Research output: Contribution to journalArticlepeer-review

7 Scopus citations

Abstract

Background/Aims: We surveyed sickle cell disease (SCD) patients who transitioned from pediatric care at Texas Children's Hematology Center (TCHC) to adult care to determine the characteristics of patients with an adult SCD provider, continuation rates of pre-transition therapies, and patient perceptions of the transition process.
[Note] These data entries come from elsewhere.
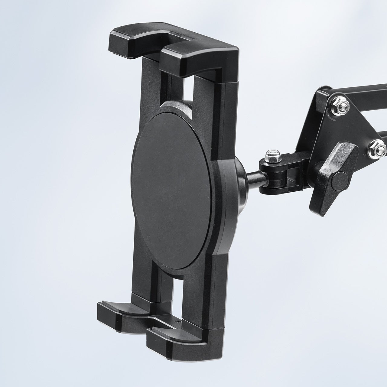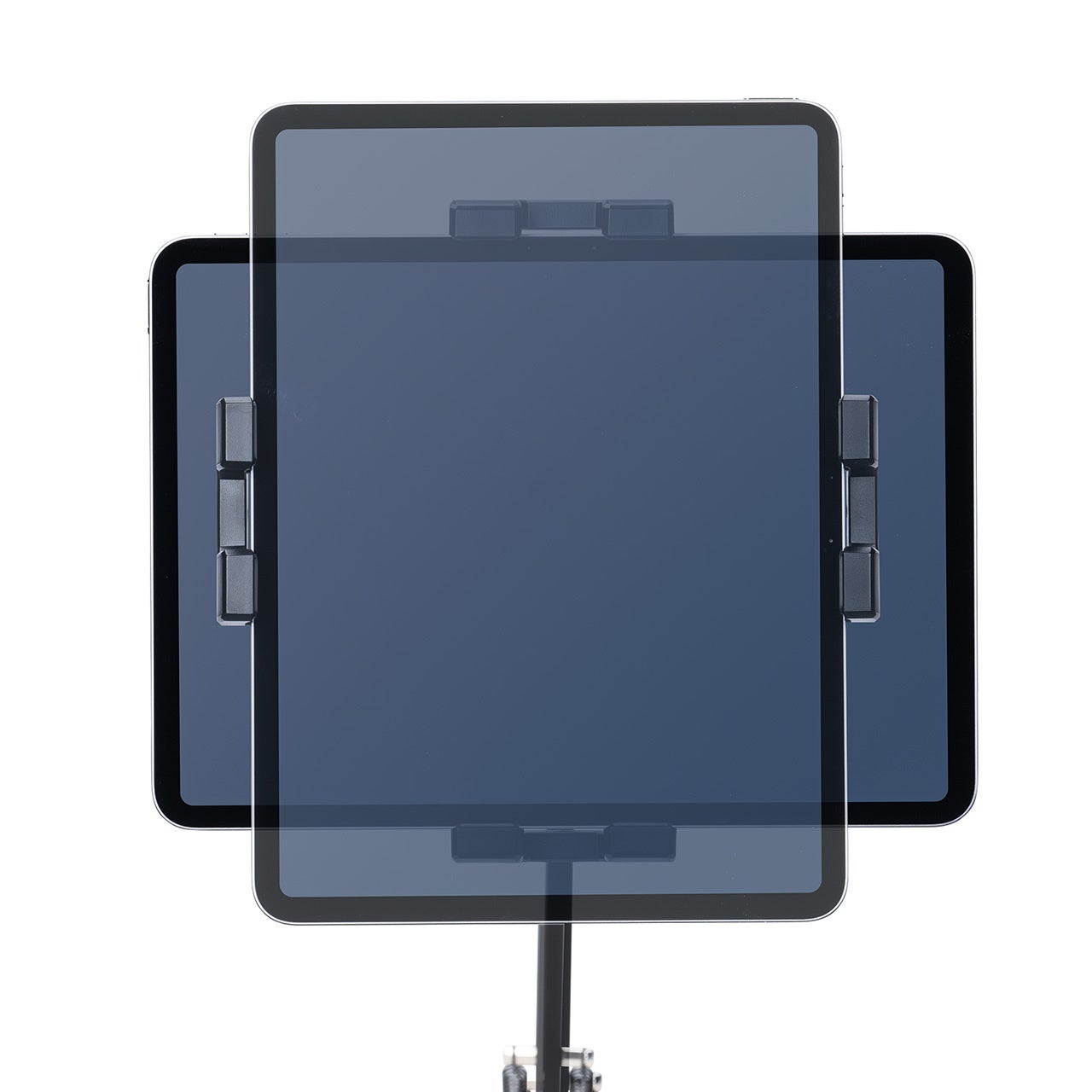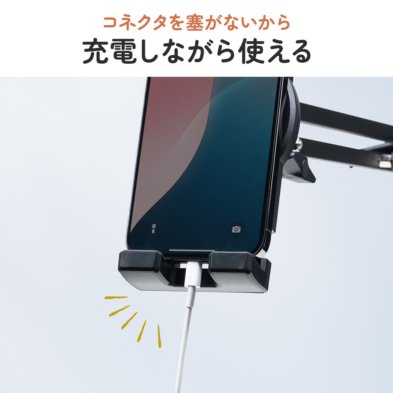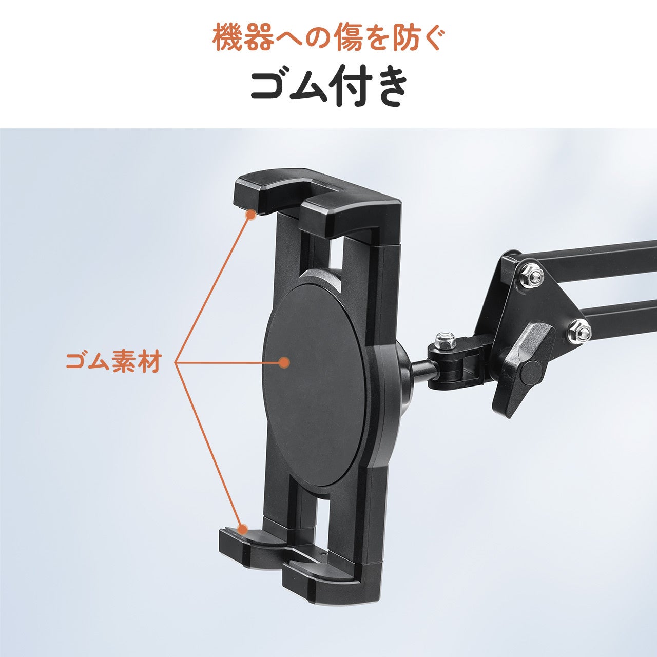 4~12.9インチまでに対応し、挟み込むことで固定できます。クランプ部は、縦・横挟みに対応し、厚さ0.5~7.5cmまで対応します。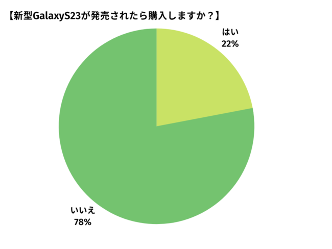 新型GalaxyS23が発売されたら買いたい人が22%、買う気はない人が78%であることがわかりました。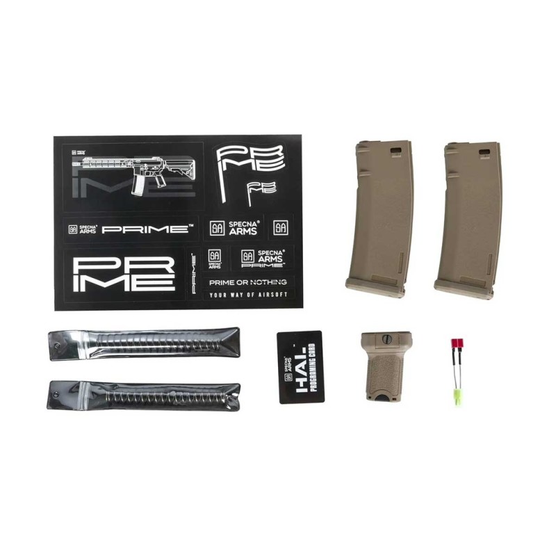 La prestigiosa marca Specna Arms presenta en 2024 su nueva gama PRIME, que ofrece una seria de mejoras enfocadas en maximizar el rendimiento de forma exponencial, mientras que mantiene una relación calidad precio realmente excepcional con respeto a otros modelos del mercado. Esta nueva gama PRIME monta un nuevo motor sin escobilla de tipo brushlees, el cual ofrece un alto rendimiento a la vez que mantiene un bajo consumo de batería y una menor generación de calor haciéndolo más eficiente con respecto a los motores convencionales y junto con el gatillo electrónico HAL ETU de Specna Arms que nos brinda la posibilidad de usar baterías de 11.1V mejorando en gran medida el rendimiento de nuestra replica consiguiendo una mejor respuesta de disparo junto con una gran variedad e funciones interesantes programables de forma cómoda y sencilla mediante el gatillo.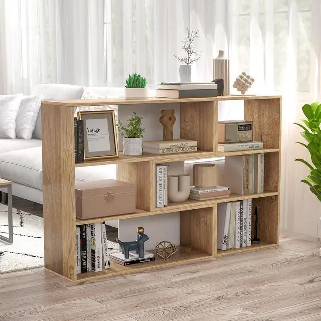 Decorative Display Shelf: Natural wood grain exudes classic charm and enhances the ambiance of any room. In addition to its decorative value, this versatile bookcase can be used as a display shelf, room divider or storage organizer.

Methods: A cross-sectional study was conducted by telephone survey of 44 young adults with SCD, aged 19-29 years, who transitioned from TCHC to adult care within the last 15 years. Results: Findings of the 23-item questionnaire revealed that transitioned patients with current adult providers (68.2%) were more likely to have seen a provider within 6 months of transition (p = 0.023) and to have been on hydroxyurea and/or monthly blood transfusions pre-transition (p = 0.021) than transitioned patients without a provider; 83% of patients on pre-transition hydroxyurea reported continuing hydroxyurea after transition. Transition challenges included inadequate preparation, difficulty finding knowledgeable adult providers, and lack of healthcare insurance/coverage. Conclusion: Transition to adult providers is predicted by establishing care with an adult SCD provider within 6 months of transition and being on pre-transition disease-modifying therapy. Transition may be improved if pediatric hematology centers assist and verify adult provider contact within 6 months of transition and engage patients of all disease severity during transition.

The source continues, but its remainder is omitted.